Nous allons reprendre ce que nous avions initialement prévu, c’est-à-dire envoyer ces volontaires dans quatre situations climatiques différentes pendant 30 jours et étudier leurs réactions. De manière plus générale, la mission de Deep Time doit être reconduite. Nous ne pouvons pas obtenir des résultats définitifs sur un seul groupe. J’aimerais le faire mais j’espère aussi que d’autres équipes scientifiques le feront pour comparer.

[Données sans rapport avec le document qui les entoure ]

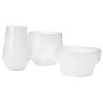 В набор входит: 1 ваза (высота 12 см, диам. 22 см), 1 ваза (высота 18 см, диам. 21 см) и 1 ваза (высота 21 см, диам. 14 см).

- Que retenez-vous de ces 40 jours ?

Il était important de monter cette expérience maintenant. On a vu avec la curiosité qu’elle a suscitée que les Français ont besoin que nous leur donnions de l’espoir. Nous nous en sommes rendus compte dans la grotte : un groupe humain ne fonctionne pas bien s’il n’a pas de but, d’espoir. Il est important de créer des choses malgré la situation actuelle pour ne pas baisser les bras. Nous sommes plusieurs, et j’en faisais partie, à avoir fait pousser des plantes. Tous les matins, j’allais allumer les lumières pour qu’elles aient de la lumière et je l’éteignais en allant me coucher. Lorsque les premières pousses, que l’on n’imaginait pas possible dans un tel environnement, sont apparues, cela nous a procuré beaucoup de bonheur. Trouver des raisons d'aimer quelque chose pour se donner de la volonté est quelque chose qui fonctionne.